Exit Music for Stages of Grief
So between actually seeing the CEO's best El*n impression as his tumblr persona, the changes, and just all the general weirdness - yeah, it's incredibly negative but Tumblr as we knew it and loved it isn't coming back: it's going away.
I'm still working through my grieving process, which is why I'm even here right now. But I'm pretty close to done. I'm unsure when the last thread is going to snap, but that's sooner than later at this point.
I'm going to make it a point to put my whereabouts in my about so it's easy to find me, but uh. Just get ready for the fact that I'm not going to be on Tumblr anymore. Instead of happy, memeing community I am actively finding it a negative experience just to load my dashboard (I cannot stress enough, not because of any of you, but because of the site, usability, TOS enforcement changes, and a million little straws of weird policy problems) and it's causing me anxiety pretty much any time I open it.
Discord, AO3, and DreamWidth - my user is heyninja (in the order of highest to lowest probability of finding me). I haven't reopened my DW completely yet but I probably will soon, and it'll likely be half-private unless I'm posting fic or something along those lines.
Sometime later, when I have the $$ for it I'm going to go back to my self-hosted blogging roots, which I'll probably make an update for so it can be found.
If anybody's got any better migratory ideas I'm all ears, but the options I'm seeing so far are pretty scattershot except for Discord.

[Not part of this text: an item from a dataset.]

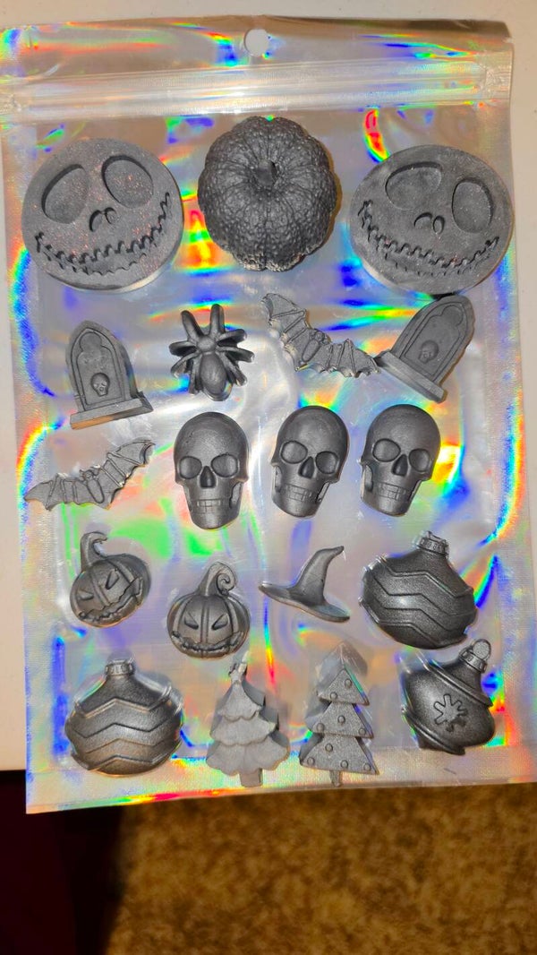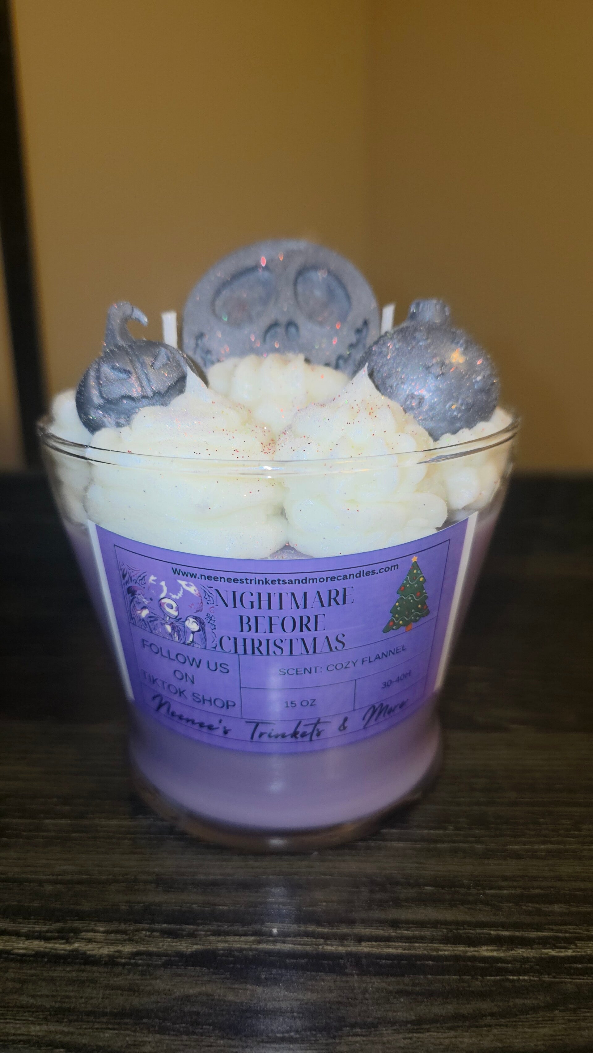 This 15oz hand-poured soy candle is topped with 3 glittery wax melts (pumpkins, trees, ornaments & Jack’s skull) you can melt separately or enjoy right on top.

I am tired, grieving, and getting whiplash from either being angry or being anxious. Truthfully, I don't want to sit here and watch Tumblr complete becoming the socmed Frankenstein trying to be everything to everyone, no longer actually what Tumblr used to be, while the CEO gleefully picks on individual users as if punching down makes him look cool.

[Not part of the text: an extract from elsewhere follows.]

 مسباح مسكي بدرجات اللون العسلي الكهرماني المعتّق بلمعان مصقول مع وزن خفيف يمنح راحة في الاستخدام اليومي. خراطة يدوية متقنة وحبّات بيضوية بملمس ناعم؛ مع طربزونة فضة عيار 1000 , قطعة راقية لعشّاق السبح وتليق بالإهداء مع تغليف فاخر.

Mutuals: I love you. If you have discord handles or servers you wanna throw my way, just go ahead and add me, say hey so I know it's you, toss me a join link, I will be over the moon. If you're nervous about it, throw it in my ask box or message me, I won't publish things you don't specifically say to. My gradual evaporation hasn't been because I don't care about you, or because I don't want to see your posts. But I am going away, a little bit at a time. I hope we can find a way to still grab each others' hands, but I can't stay here forever, not anymore.